◆ Work instructions
Transcribe all the entries word for word, skipping the pictures.

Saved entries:
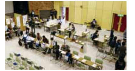
▲市民館での健康チェック会場の様子

●垂水市地域包括ケアセンター（垂水市保健課地域包括ケア係）へ FAX またはお電話で申し込み。
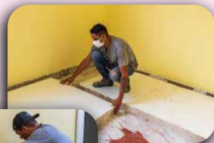
Reparo no piso na Casa dos Religiosos.
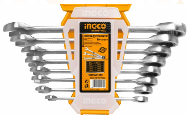
HKSPAR1082 Juego llaves crique combinadas 8 piezas
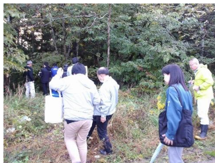
不法投棄合同パトロールの様子
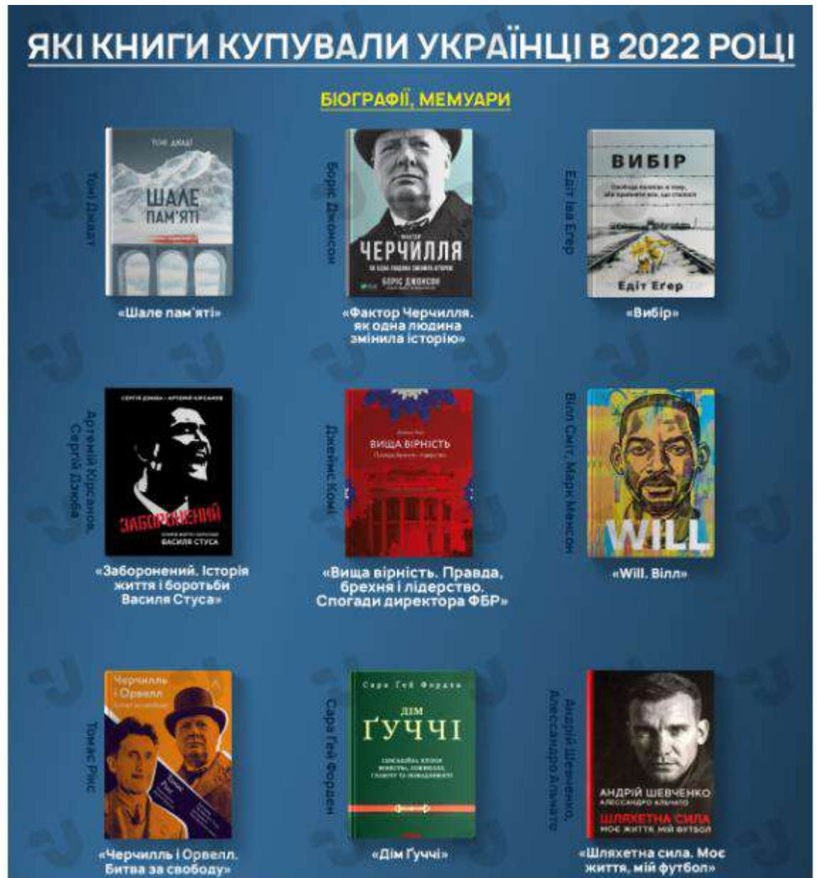
Рис. 2.3. Приклад інфографіки

Щодо тенденцій візуалізації контенту, можна побачити, що частка візуального контенту в загальній кількості матеріалу видання зростає. Можна також спостерігати поступове зменшення кількості текстових матеріалів відносно візуального контенту.
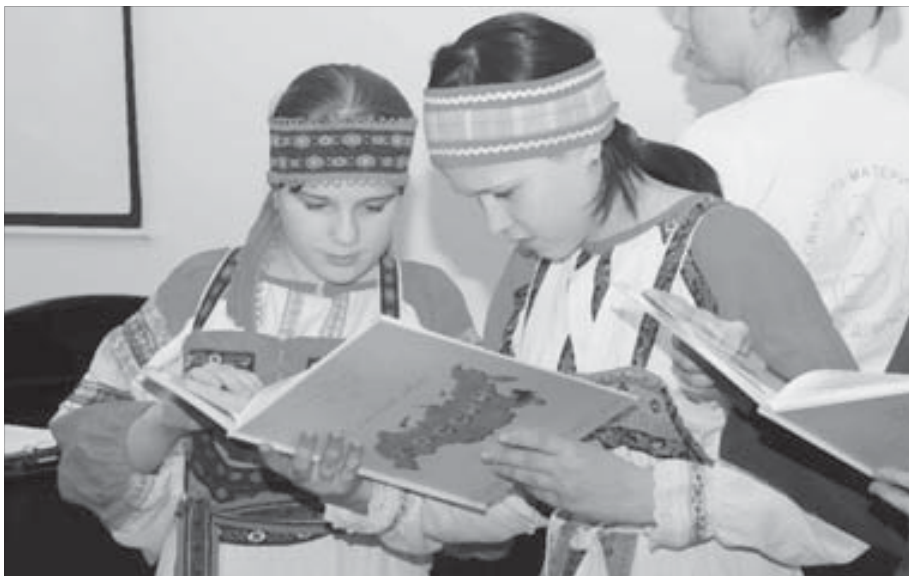
Сборники, наполненные добротой

Познакомиться с условиями конкурсов можно на сайте Красноярского филиала ЦНС www.kfnsr.ru .
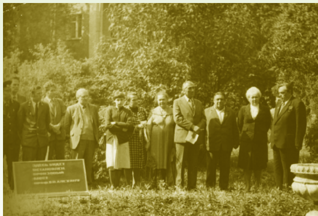
Закладывание памятника Алехина
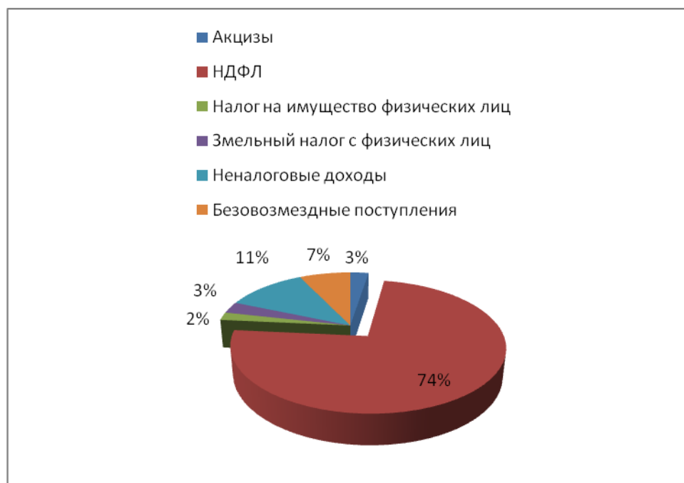
Рис. 1 - Доходы местного бюджета

На рисунке 1 изображена доля собственных налоговых и неналоговых поступлений в бюджете поселения.

◆ Answer below
▲市民館での健康チェック会場の様子

●垂水市地域包括ケアセンター（垂水市保健課地域包括ケア係）へ FAX またはお電話で申し込み。
Reparo no piso na Casa dos Religiosos.
HKSPAR1082 Juego llaves crique combinadas 8 piezas
不法投棄合同パトロールの様子
Рис. 2.3. Приклад інфографіки

Щодо тенденцій візуалізації контенту, можна побачити, що частка візуального контенту в загальній кількості матеріалу видання зростає. Можна також спостерігати поступове зменшення кількості текстових матеріалів відносно візуального контенту.
Сборники, наполненные добротой

Познакомиться с условиями конкурсов можно на сайте Красноярского филиала ЦНС www.kfnsr.ru .
Закладывание памятника Алехина
Рис. 1 - Доходы местного бюджета

На рисунке 1 изображена доля собственных налоговых и неналоговых поступлений в бюджете поселения.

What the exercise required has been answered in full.